The Devil Went Down to Austin (Tres Navarre #3)(77)



He wheeled around and headed for the stairs.

I smiled apologetically at Mrs. Hayes. "Nice seeing you again, ma'am."

I could feel her eyes on my back as I left, like ice cubes pressing into my shirt.

Halfway up the stairs, one of the smaller children was blocking my path. It was Clem, Mrs. Hayes' fanwielder, watching me with feral brown eyes under a mess of brown hair. He had a shoebox pinched between his knees.

"She doesn't like you," he confided.

I looked in his box. Brown and green things moved, glistening in the bottom—things about the size of almonds. My skin crawled.

Not that I hadn't seen cicadas before, but Clem had tried a new experiment. He'd put them back into their former skins—liberally Scotchtaping their desiccated shells to their bodies. He'd left some of the legs free, so the suffocating cicadas could crawl in helpless paths, going nowhere, waiting to die.

"It's a race," he confided.

I hugged the wall as I stepped around him.

Dwight's bedroom was on the left. He sat in the dark on a trundle bed, his backpack between his knees, staring dejectedly at a dumpedover bucket of toy cars on the carpet.

A bookshelf dominated the south wall—comic books in protective plastic sleeves, science fiction paperbacks, hot rod magazines, computer programming manuals, Clive Cussler novels. There was a window on the right, light filtering through the upper branches of a redbud in the backyard. Posters were thumb tacked to the wall: Nolan Ryan, Stevie Ray Vaughan, the Dallas Cowboys Cheerleaders. If the room had been any more Average Texan Boyhood it would've cracked the meter.

I started to reach for the light switch.

"Don't," Dwight said. "She doesn't like the lights on. Wastes energy."

I wondered how Dwight had gotten so tan growing up in a dark house. The answer immediately presented itself: Dwight would've left as soon and as often as possible.

"You okay?" I asked.

"The kids. It's like having a Little League team invited to trample over your childhood."

I went to the window, looked out at the yard. "At least they limit a Little League team to nine."

Dwight nodded sourly. He fished something out of his pack, threw it to me. "Good news. What I did this morning."

A handwritten label on the tape said TECHSAN. It looked no different from the eighttracks Garrett used to keep in his car when I was a kid—certainly nothing worth dying for.

"What did you find?"

Dwight zipped his bag. "What Pena will announce today. There's a sequence in the code that shouldn't be there. He'll blame it on the original programmers."

"The back door."

Dwight lay back on his bed, stared at the ceiling. "It's a beautiful subroutine. Elegant, really. And until it's closed, nothing is safe— not a single file on a client's server, as long as they're running Techsan's product."

I looked out the window. The yard below was balding crabgrass, lined by a wooden fence with missing planks. A barbecue pit squatted between a tool shed and scraggly hibiscus bushes.

"You said you had good news."

"It depends on whether you find Garrett," Dwight replied. "Whether he'll help. I heard—I heard about Ms. McBride. I'm sorry."

"How can Garrett help?"

"I think it would be possible to track where the stolen files were diverted to. I'm not sure. This isn't my area of expertise. But if Garrett got into the source code, if he retraced the steps of the original sender, identified the packet sniffer and the PGP key involved—he might be able to triangulate an IP address."

"In English?"

"Find the saboteur."

"Before, Garrett couldn't even find the problem in his own code."

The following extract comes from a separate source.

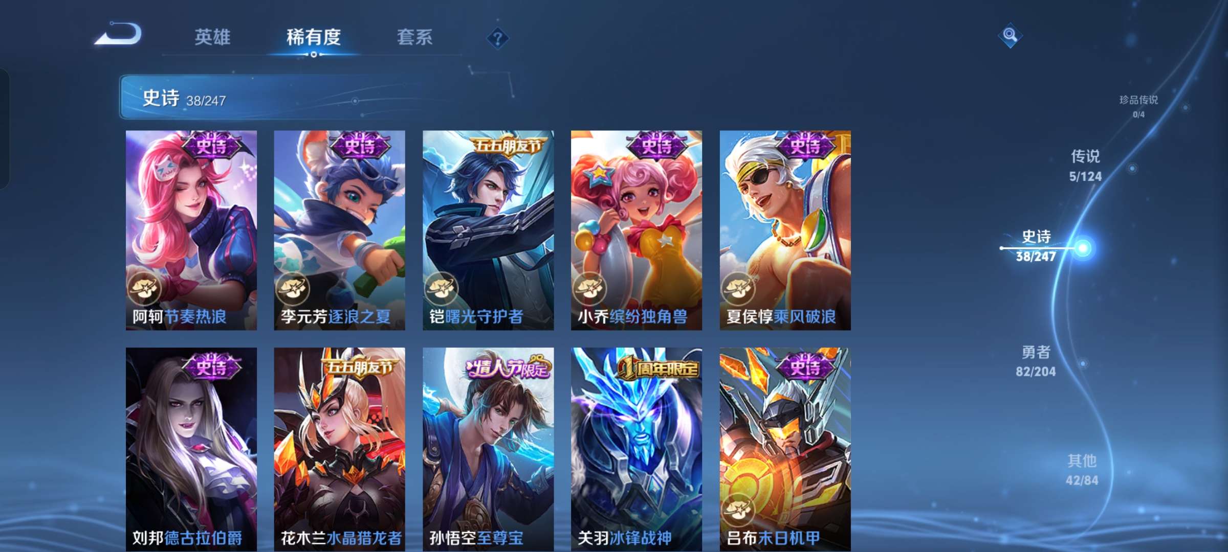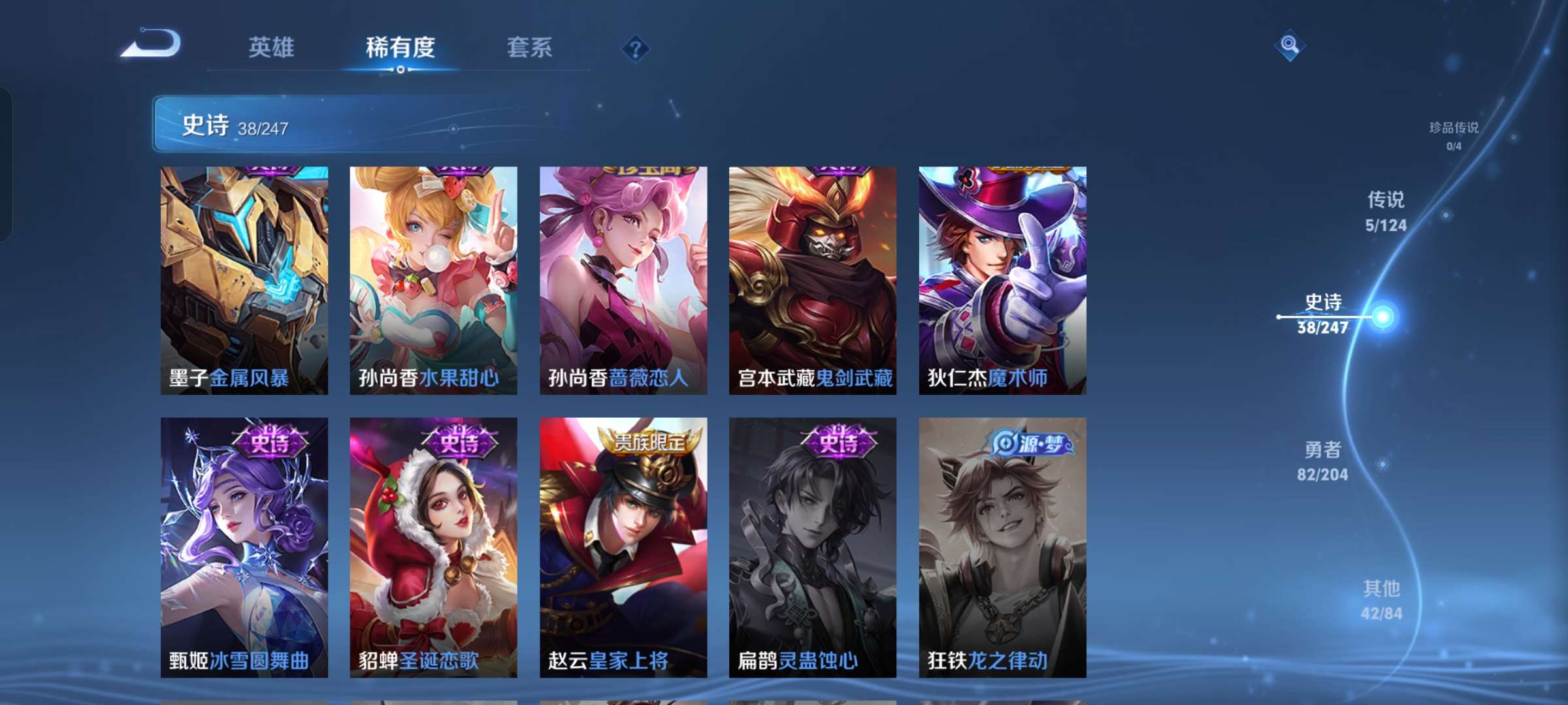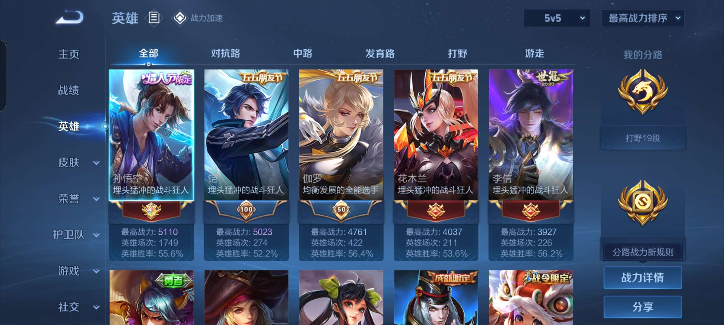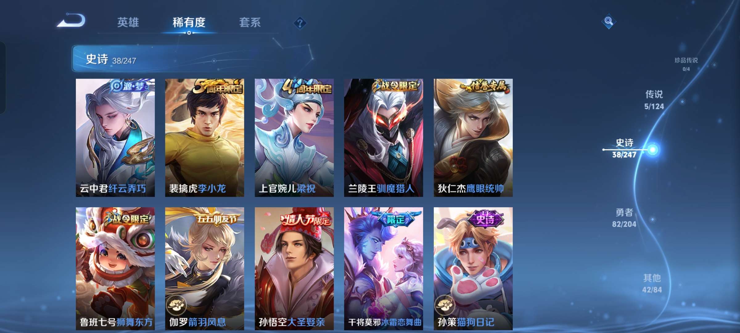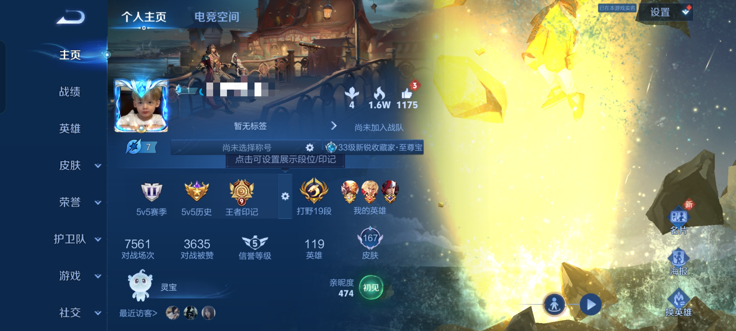 贵族等级:v7皮肤数:167情人节限定3 传说品质5 英雄数:119

Dwight's ears turned red. Apparently, the idea that he'd found something Garrett had missed embarrassed him.

In the backyard, one of the smaller boys—John, maybe—ducked under a loose board in the fence. He was carrying a VCR that was much too big for him. It was partially wrapped in a blue towel. He saw me watching from the window and froze. He slid the VCR behind the nearest hibiscus bush and walked toward the house, trying not to run.

The scene made me feel sad down to my bones. I'd seen my share of disturbed children in eight years of PI work, but never so many in one place.

The hell of it was, I wasn't going to talk to the kid about it. I wasn't even going to turn him in. I wondered how many days fanning the Leviathan you'd get for stealing a VCR.

"I talked to Maia this morning," I told Dwight. "She had some information about Pena."

I told him about Maia's conversation with her new pal, the deputy in Burnet County.

Dwight stared at his comic book collection, shook his head. "That doesn't mean anything."

"You knew he was adopted?"

"Of course I knew. What difference does it make?"

"The harassment of the software developers, the disappearance of Adrienne Selak—I think that's just a small sample of what Matthew's capable of. His main agenda with Techsan isn't about money. It's personal—retribution."

Dwight opened the trundle bed cabinet at his feet, yanked out an empty duffel bag. "I told you—there's no reason the deal would be personal. He never met the Techsan principals before."